Wednesday, February 16, 2011

President's Budget

Included in the President's Budget proposal is a call for a "more aggressive effort to reform our medical malpractice system to reduce defensive medicine, promote patient safety, and improve patient outcomes." The President called for $250M in Justice Department grants to help states rewrite their malpractice laws. The good news is these grants will provide the opportunity to address these issues in the legislatures of all the states, through hearings, public comment, and analysis of what has worked in the past and what new nonadversarial practices will give patients a voice in the outcome.

One of the ideas suggested is health courts. I think health courts are as antithetical to healing as traditional litigation. Neither give the patient a voice in the process. Neither promote patient safety, as they are based on secrecy and long delays, missing the opportunity to take the patient's experience forward expeditiously to create improved healthcare. Collaborative law/practices, on the other hand, create the opportunity for expeditious resolution, chosen by and agreed to by the parties, enhanced patient safety, acceptance of responsibility for error, and healing fo all parties, physician and patient alike.

Requiring physicians and hospitals to disclose early, offer apology and compensation is another approach suggested by the Administration.
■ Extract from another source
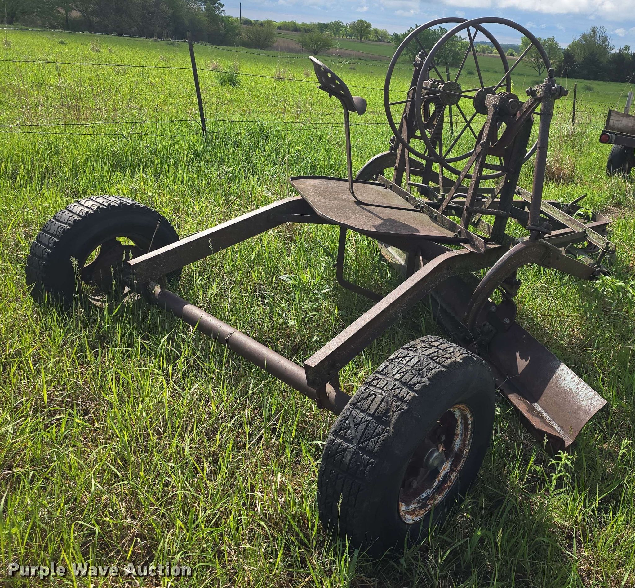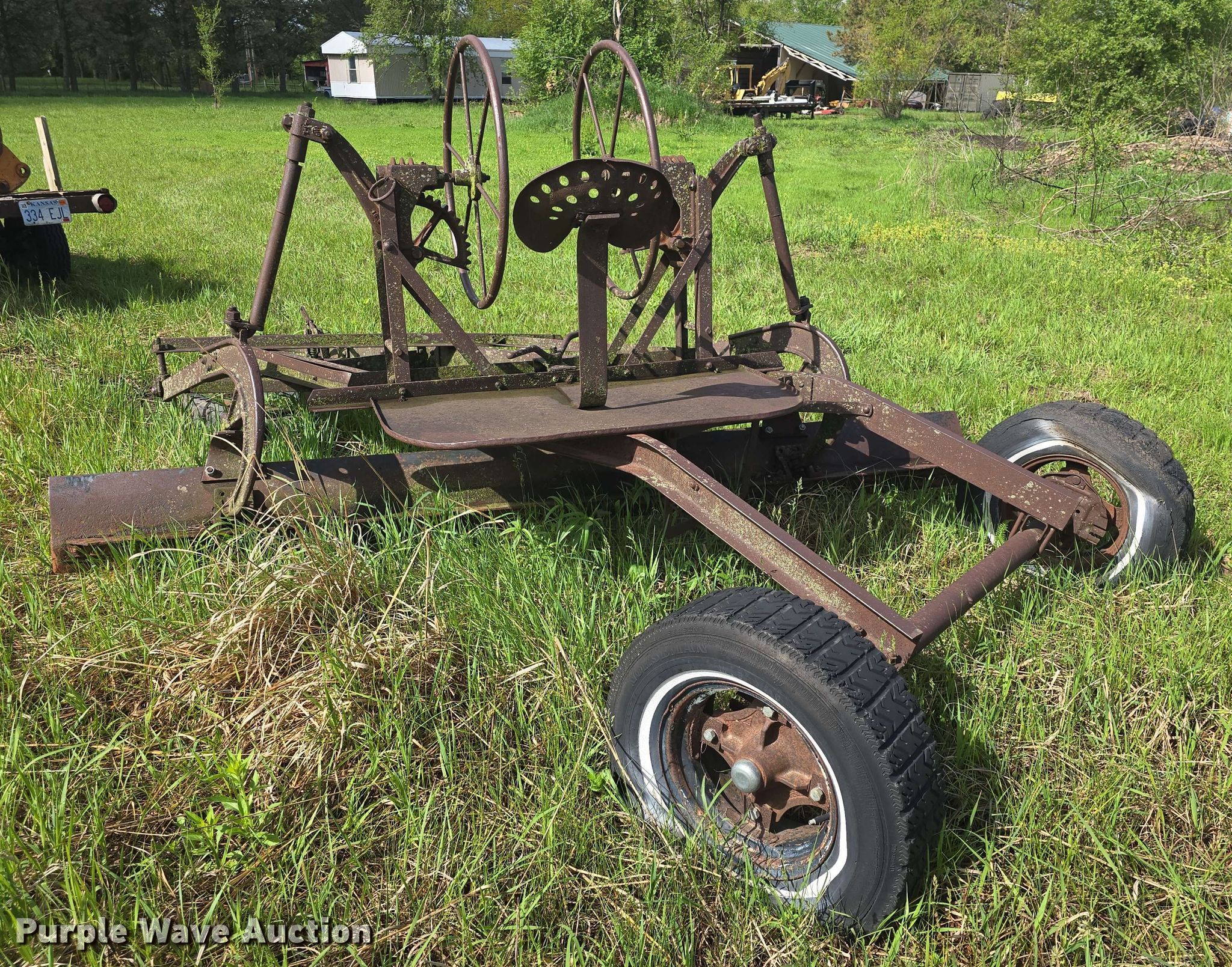 Pull type grader. Features. Blade width: 10', Manual operation Dual reels. Chassis Hitch: Pintle, Axles: Single. Tires Size: J78-14. Notes Flat tires, Tires weathered, Unknown operating condition. Maple Hill, KS 66507
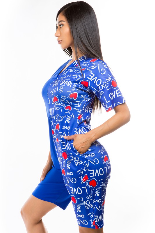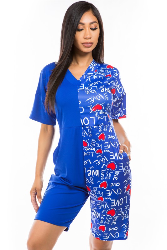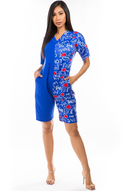 Sexy casual romper, short sleeves color block multi print, v neckline, side pocket

However, that approach has been required by law for some time in several states, including Pennsylvania, where it has been found to be generally ineffective. Can these ethical obligations be legislated? Should they be legislated? Voluntary diclosure programs, such as the one that has existed for ten years at the University of Michigan Medical Center, have been shown to be very effective, lessening litgation to a great extent and lessening payouts associated with errors.

Perhaps the use of colaborative law/practices in medical error situations can be validated and supported through the legislative process. That is my hope.

Monday, January 17, 2011

Arizona statute A.R.S. 12-572 raises the burden of proof in a medical malpractice case against emergency room physicians and on-call medical specialists to clear and convincing evidence, the highest legal standard (burden of proof) in a civil case. This standard makes it very difficult, if not impossible, for an injured patient and/or family member to find an attorney or otherwise pursue a medical malpractice case. The Arizona legislature is now considering raising the burden of proof to clear and convincing against all physicians in Arizona, making it increasingly dfficult to maintain an action against ANY physican in Arizona for malpractice.

Assuming the proposed legislation will be considered in legislative hearings, I suggest that the hearings provide the opportunity for testimony regarding the physicians' responsibilities vis a vis their patients. Rather than place another increased burden on injured patients, I suggest addressing the physician's responsibilities regarding informed consent (increasingly, "informed patient choice"), disclosure regarding all aspects of patient care, attention to patient's experiences to improve patient safety, offers of compensation, and apology. In terms of evidence, if a physician establishes that s/he adequately met these responsibilities, when (and if)the burden shifts to the physician, s/he could be entitled to a defense verdict. It is difficult to imagine that physicians would oppose this approach since most of them are doing this already, out of respect for their patients, themselves, and the entire healthcare system.

These hearings would provide a tremendous opportunity for the legislature to take a measured, reasoned approach to the entire topic of medical malpractice. It would also provide the opportunity to consider non-adversarial approaches to medical error situations, including collaborative law/practices, such that litigation becomes less and less a process that injured patients turn to. The process can and has in some sectors become more about healing and less about acrimony. The hearings will provide a forum to discuss all these issues among ALL stakeholders in healthcare. It will provide a look at the entire process: from possible medical error to disclosure, apology, possibilities to improve patient safety, and more.